** WORK ORDER **
Write out the material below again, line for line, without any images.

** DATASET EXTRACT **
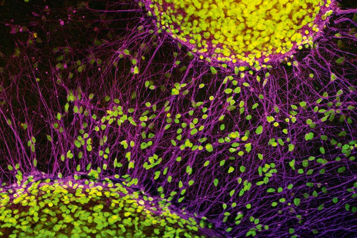 诱导多能干细胞分化而来的神经元的荧光显微照片 - 图片来源:科学图片库
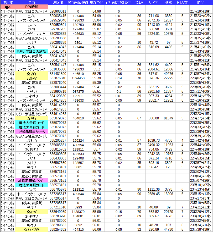 やっぱり99個釣らないとわからないのかな・・・
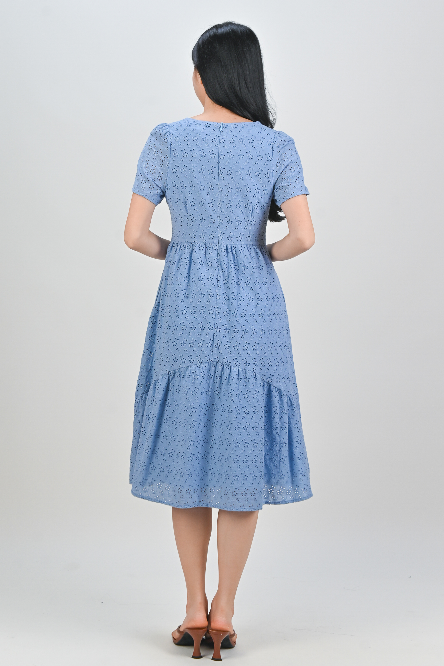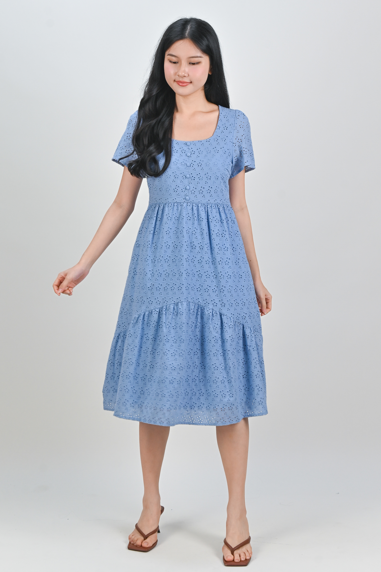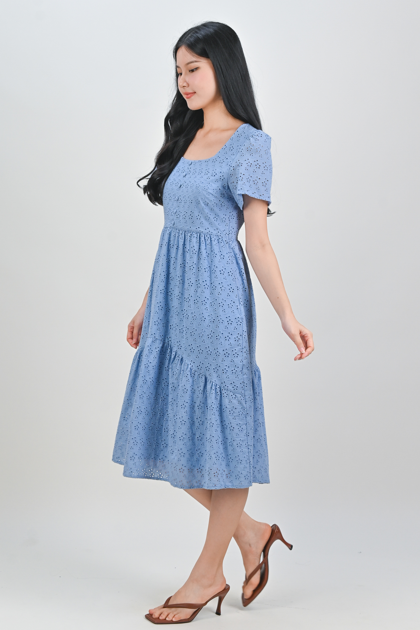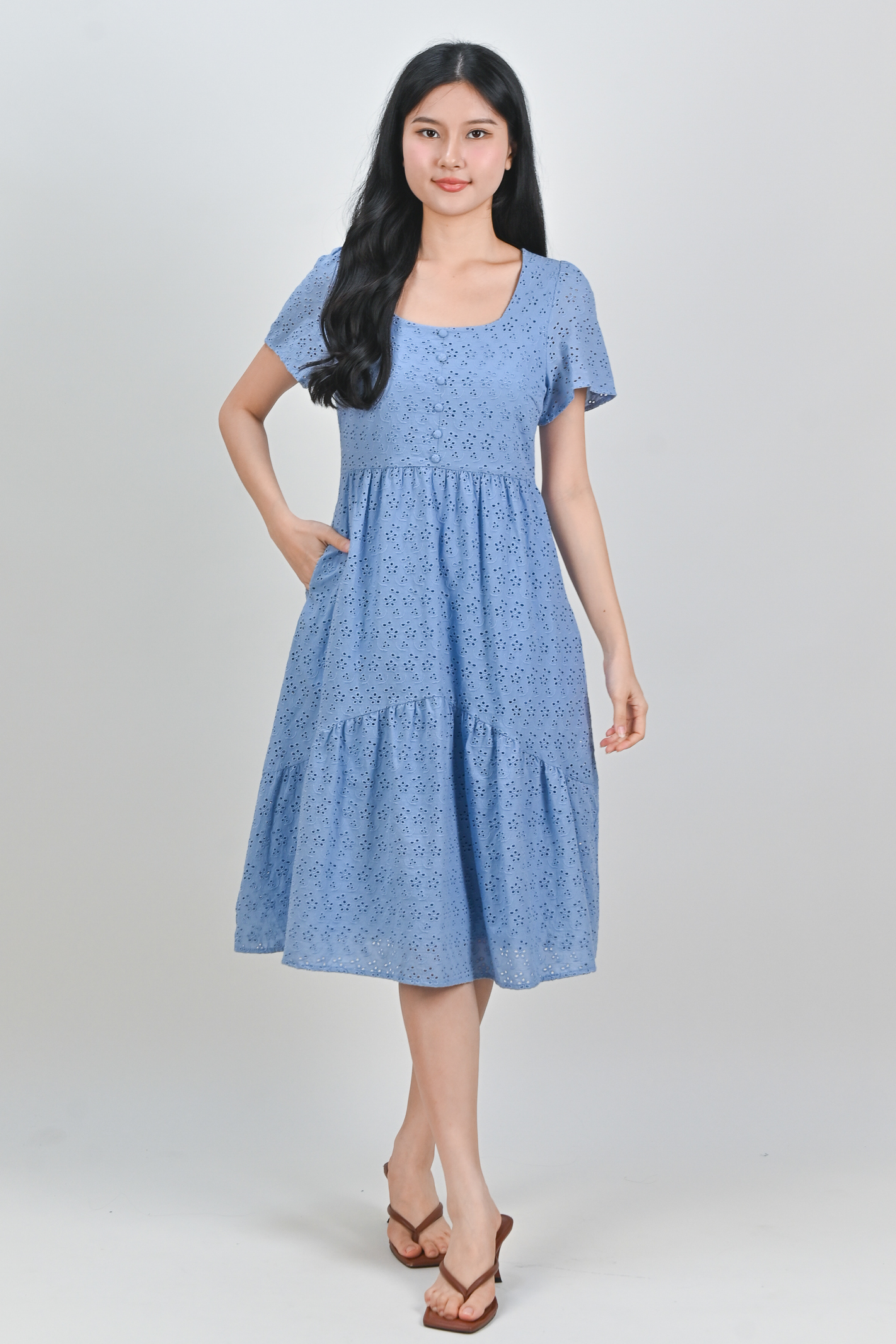 EZURYN EYELET SCOOP-NECK SLEEVED DRESS IN BLUE
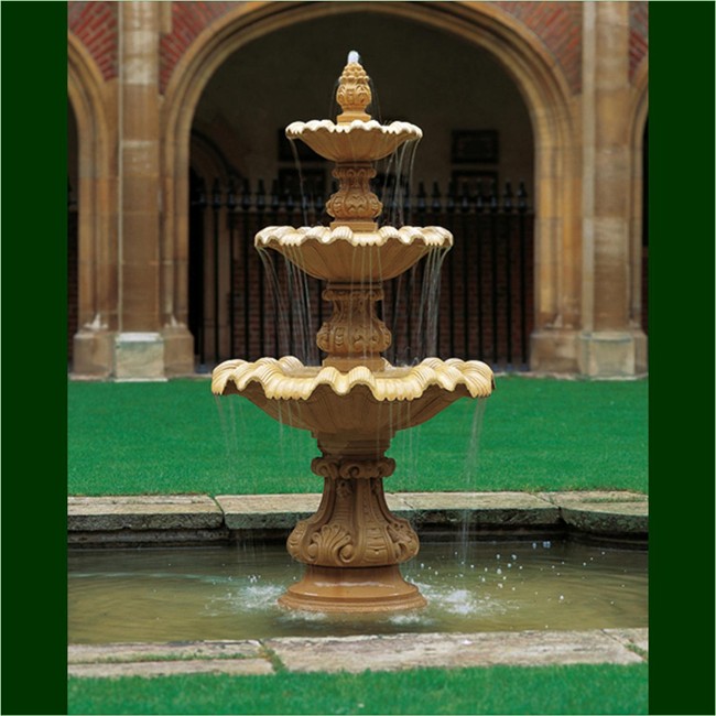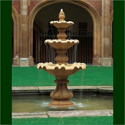 The original for this exquisite triple fountain stood in the Cloister Court of Eton College, Windsor. The badly eroded original has now been replaced by a replica to restore this feature to its former glory. The fountain comprises ornate pedestals supporting three decorative shell bowls surmounted by a naturalistic bud.
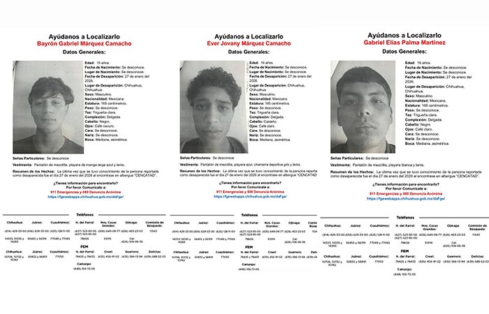 Chihuahua. – La Fiscalía General del Estado de Chihuahua emitió una alerta de búsqueda para localizar a tres adolescentes que desaparecieron de manera simultánea el pasado 27 de enero de 2026 en el municipio de Chihuahua. Se trata de Gabriel Elías Palma Martínez, de 16 años; Ever Jovany Márquez Camacho, también de 16 años; y Bayrón Gabriel Márquez Camacho, de 15 años. Los tres jóvenes fueron vistos por última vez en el albergue CENCATAD, ubicado en la ciudad capital.
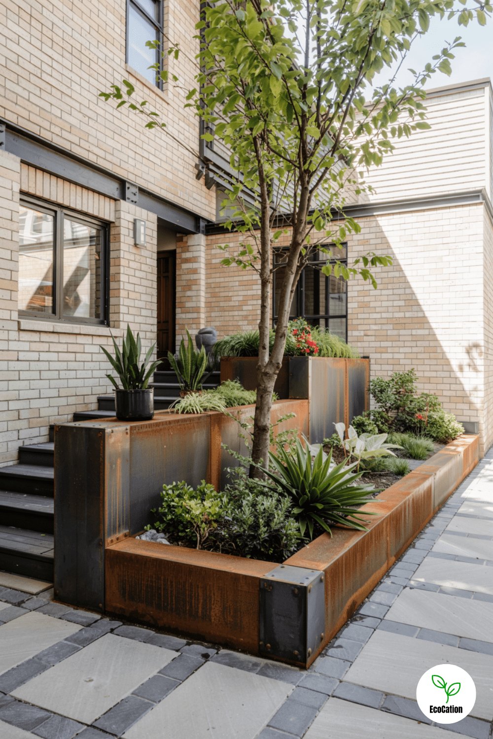 Cor-ten steel panels paired with dark wood create an edgy, modern look. The steel develops a protective rust patina over time, requiring zero maintenance.
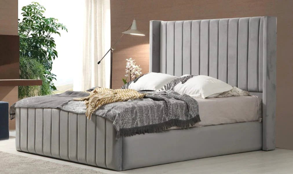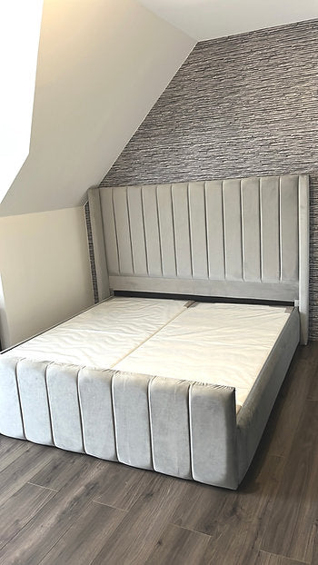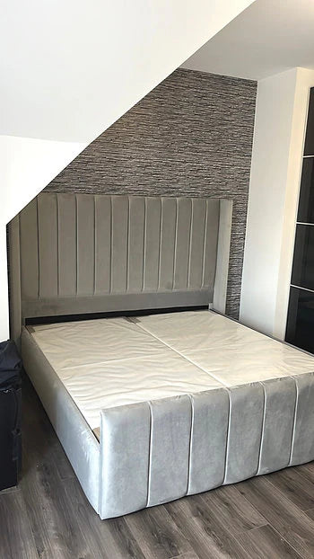 Structure & Matière : Cadre et Tête de lit en panneau agglomérer, capitonnage Mousse HR, Tissu Velours.
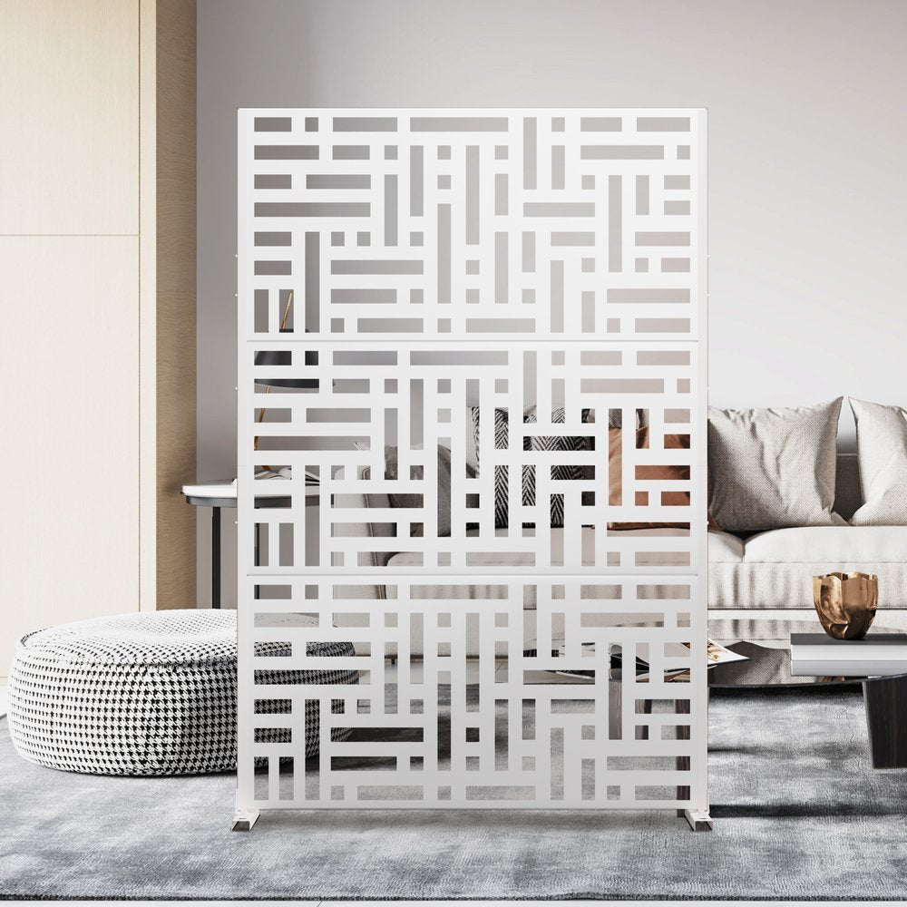 The 72-inch white steel three panel screen room divider is a stylish and functional solution for creating privacy in your space. Crafted from durable metal, this room divider offers a modern touch while ensuring strength and stability. Its translucent steel screen allows light to filter through, providing an airy feel without sacrificing separation. Perfect for both indoor and outdoor use, it enhances versatile living spaces and gatherings. With three panels, it can be easily adjusted to fit various layouts and needs, making it an ideal choice for any home or office setting. This elegant piece not only serves as a divider but also adds an artistic element to your decor. 72.00-inch h x 47.00-inch w x 4.53-inch d.

** EXPECTED ANSWER **
 诱导多能干细胞分化而来的神经元的荧光显微照片 - 图片来源:科学图片库
 やっぱり99個釣らないとわからないのかな・・・
 EZURYN EYELET SCOOP-NECK SLEEVED DRESS IN BLUE
 The original for this exquisite triple fountain stood in the Cloister Court of Eton College, Windsor. The badly eroded original has now been replaced by a replica to restore this feature to its former glory. The fountain comprises ornate pedestals supporting three decorative shell bowls surmounted by a naturalistic bud.
 Chihuahua. – La Fiscalía General del Estado de Chihuahua emitió una alerta de búsqueda para localizar a tres adolescentes que desaparecieron de manera simultánea el pasado 27 de enero de 2026 en el municipio de Chihuahua. Se trata de Gabriel Elías Palma Martínez, de 16 años; Ever Jovany Márquez Camacho, también de 16 años; y Bayrón Gabriel Márquez Camacho, de 15 años. Los tres jóvenes fueron vistos por última vez en el albergue CENCATAD, ubicado en la ciudad capital.
 Cor-ten steel panels paired with dark wood create an edgy, modern look. The steel develops a protective rust patina over time, requiring zero maintenance.
 Structure & Matière : Cadre et Tête de lit en panneau agglomérer, capitonnage Mousse HR, Tissu Velours.
 The 72-inch white steel three panel screen room divider is a stylish and functional solution for creating privacy in your space. Crafted from durable metal, this room divider offers a modern touch while ensuring strength and stability. Its translucent steel screen allows light to filter through, providing an airy feel without sacrificing separation. Perfect for both indoor and outdoor use, it enhances versatile living spaces and gatherings. With three panels, it can be easily adjusted to fit various layouts and needs, making it an ideal choice for any home or office setting. This elegant piece not only serves as a divider but also adds an artistic element to your decor. 72.00-inch h x 47.00-inch w x 4.53-inch d.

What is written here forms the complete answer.